◆ Recorded data:
%%
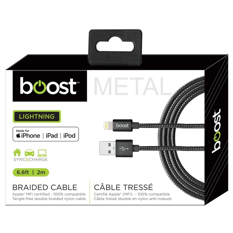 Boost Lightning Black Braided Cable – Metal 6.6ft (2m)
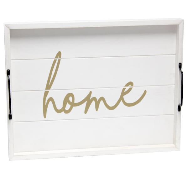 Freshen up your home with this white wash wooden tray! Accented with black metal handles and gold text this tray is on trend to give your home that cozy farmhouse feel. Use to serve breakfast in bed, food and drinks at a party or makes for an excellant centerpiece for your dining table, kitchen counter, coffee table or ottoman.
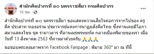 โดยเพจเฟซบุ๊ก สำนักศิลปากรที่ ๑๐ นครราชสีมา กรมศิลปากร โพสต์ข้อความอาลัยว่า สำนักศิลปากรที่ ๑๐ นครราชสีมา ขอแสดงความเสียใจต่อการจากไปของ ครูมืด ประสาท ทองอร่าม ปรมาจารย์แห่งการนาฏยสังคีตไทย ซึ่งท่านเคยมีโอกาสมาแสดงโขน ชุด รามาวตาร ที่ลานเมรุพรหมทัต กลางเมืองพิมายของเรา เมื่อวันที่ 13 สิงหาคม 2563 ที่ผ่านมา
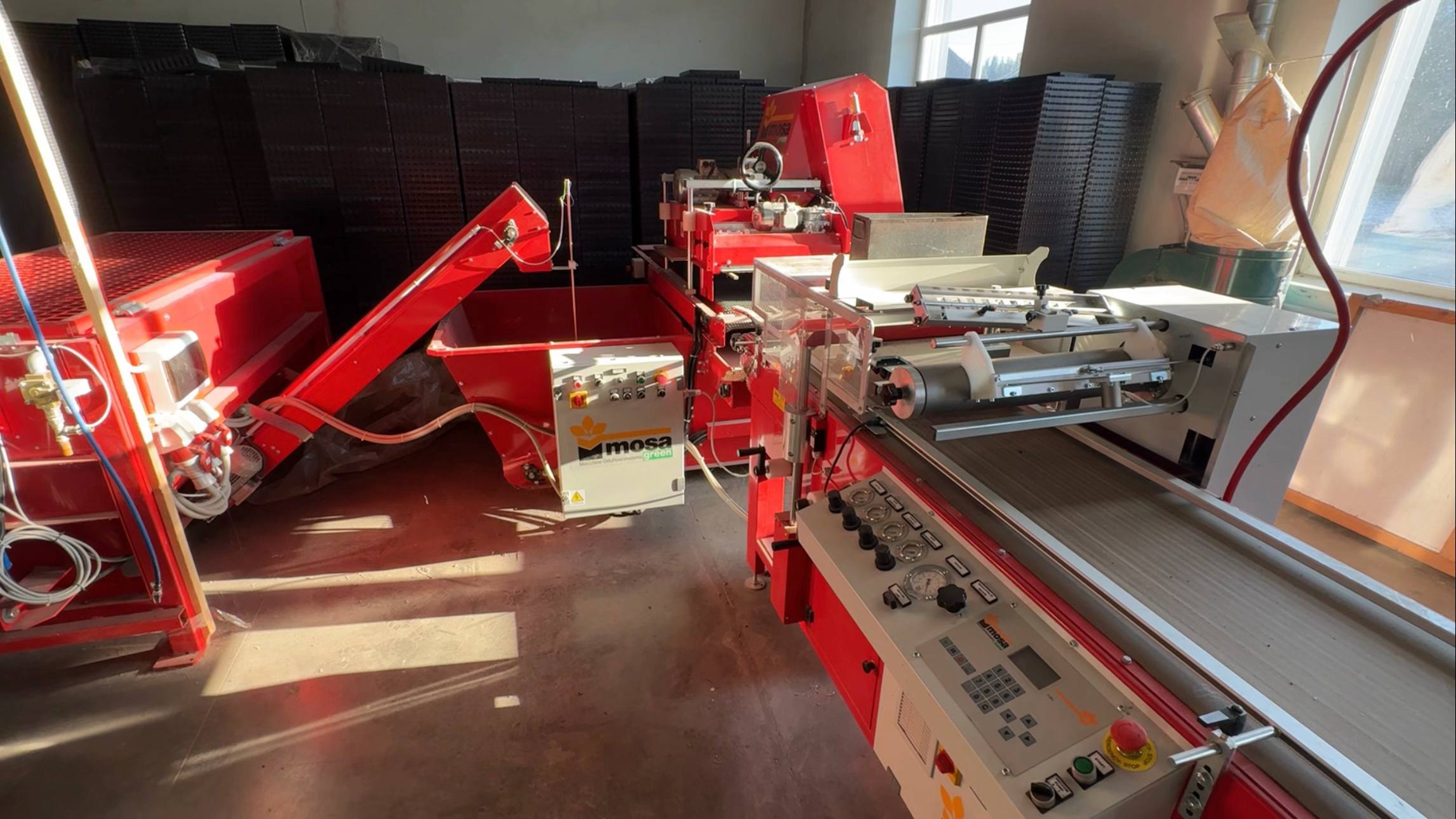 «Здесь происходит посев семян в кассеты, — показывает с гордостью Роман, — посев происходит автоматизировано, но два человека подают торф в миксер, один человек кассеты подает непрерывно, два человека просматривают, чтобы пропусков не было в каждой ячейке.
%%
Each line from the first line of the data above through the one containing "Freshen up your" must be set down exactly; the pictures must not be.

◆ Solution for this exercise:
 Boost Lightning Black Braided Cable – Metal 6.6ft (2m)
 Freshen up your home with this white wash wooden tray! Accented with black metal handles and gold text this tray is on trend to give your home that cozy farmhouse feel. Use to serve breakfast in bed, food and drinks at a party or makes for an excellant centerpiece for your dining table, kitchen counter, coffee table or ottoman.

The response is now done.